Further validity test of a previously published model.
Summary of background data.
The previous model was built using data from ten randomized trials and examined the 1-year effectiveness and cost-effectiveness of 17 nonpharmacologic interventions for chronic low back pain (CLBP), each compared to usual care alone. This update incorporated data from five additional trials.
Methods.
Based on transition probabilities that were estimated using patient-level trial data, a hypothetical cohort of CLBP patients transitioned over time among four defined health states: high-impact chronic pain with substantial activity limitations; higher (moderate-impact) and lower (low-impact) pain without activity limitations; and no pain. As patients transitioned among health states, they accumulated quality-adjusted life-years, as well as healthcare and productivity costs. Costs and effects were calculated incremental to each study’s version of usual care.
Results.
From the societal perspective and assuming a typical patient mix (25% low-impact, 35% moderate-impact, and 40% high-impact chronic pain), most interventions—including those newly added—were cost-effective (<$50,000/QALY) and demonstrated cost savings. From the payer perspective, fewer were cost-saving, but the same number were cost-effective. Results for the new studies generally mirrored others using the same interventions—for example, cognitive behavioral therapy (CBT) and physical therapy. A new acupuncture study had similar effectiveness to other acupuncture studies, but higher usual care costs, resulting in higher cost savings. Two new yoga studies’ results were similar, but both differed from those of the original yoga study. Mindfulness-based stress reduction was similar to CBT for a typical patient mix but was twice as effective for those with high-impact chronic pain.
Conclusion.
Markov modeling facilitates comparisons across interventions not directly compared in trials, using consistent outcome measures after balancing the baseline mix of patients. Outcomes also differed by pain impact level, emphasizing the need to measure CLBP subgroups.

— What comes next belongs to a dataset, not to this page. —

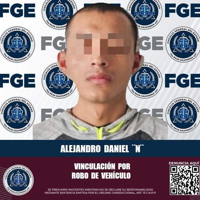 ENSENADA, B.C. La Fiscalía Regional de Ensenada logró la vinculación a proceso de Alejandro Daniel “N” quien, el tres de noviembre de 2023, dispuso sin consentimiento del propietario, de un vehículo marca Honda.

Keywords: acupuncture, chiropractic, chronic low back pain, complementary therapies, cost-effectiveness, exercise, high-impact chronic pain, markov model, massage, nonpharmacologic interventions, spinal manipulation, spinal mobilization, yoga
Aprevious article in Spine described a Markov model analysis that allowed comparisons across the effectiveness and cost-effectiveness of 17 recommended nonpharmacologic therapies from 10 trials for chronic low back pain (CLBP), each compared to usual care.1 To further test its validity, this update describes the addition of five more trials to the model: acupuncture,2 cognitive behavioral therapy (CBT),3,4 mindfulness-based stress reduction (MBSR),4 physical therapy (PT),5 and yoga.5,6
METHODS
The Markov model used transition probabilities to move a hypothetical cohort of patients between four defined health states every 6 weeks for just over a year. The health states were: high-impact chronic pain (individuals with substantial activity limitations), moderate-impact chronic pain (mild activity limitations but higher pain), low-impact chronic pain (mild activity limitations with lower pain), and a healthy, no pain state. Transition probabilities between health states were estimated for each intervention using patient-level data from each trial. As CLBP patients moved through the model, they accumulated quality-adjusted life-years (QALYs)7 and healthcare8 and productivity costs.7 Incremental costs and effects for each therapy were calculated net of each study’s version of usual care.
RESULTS
Figure 1 displays the incremental point estimates for a typical mix of patients (25% low-impact, 35% moderate-impact, and 40% high-impact chronic pain) from a societal perspective. The 0 QALY, $0 point represents usual care. We find most interventions are cost-effective (below $50,000/QALY) and show cost savings from this perspective. The distance between the two versions of each intervention shown with open circles indicates the sensitivity of results to underlying usual care. A Technical Appendix contains details, including point estimates and 95% confidence intervals under alternative assumptions and perspectives (Table E.2, Technical Appendix, http://links.lww.com/BRS/B576).
Figure 1.
Effectiveness and cost-effectiveness from the societal perspective for 24 nonpharmacologic interventions compared to usual care alone for a typical* chronic low-back pain patient population. The interventions represented by the diamond shapes are from the new studies added to the model in this update. Each intervention represented by a solid circle is from the original model and is compared to the usual care arm of its study. The three interventions identified with open circles are from the original model and came from two studies that did not include usual care arms. For these we assigned two US-based usual care arms from other studies. The usual care arms assigned for each are: (1) Usual care (Sherman); (2) Usual care (Moore); (3) Self-care education (Cherkin 2001); (4) Usual care (Cherkin 2009). Societal costs consist of three types of costs: the cost of the intervention itself, all other direct healthcare costs, and the indirect cost of productivity loss through absenteeism to employers. Incremental societal costs are these costs for each therapy minus the costs of usual care. *A typical chronic low-back pain patient population was assumed to have 25% of patients with low-impact chronic pain, 35% with moderate-impact chronic pain, and 40% with high-impact chronic pain. These proportions roughly correspond to the average proportions seen in the studies included in the model. CBT indicates cognitive behavioral therapy; GERAC, German Acupuncture Trials; MBSR, Mindfulness-based stress reduction; PT, Physical therapy in the Saper et al’s5 study; TCM, Traditional Chinese acupuncture; UK, Trial of similar intervention in the United Kingdom; US, Trial of a similar intervention in the United States.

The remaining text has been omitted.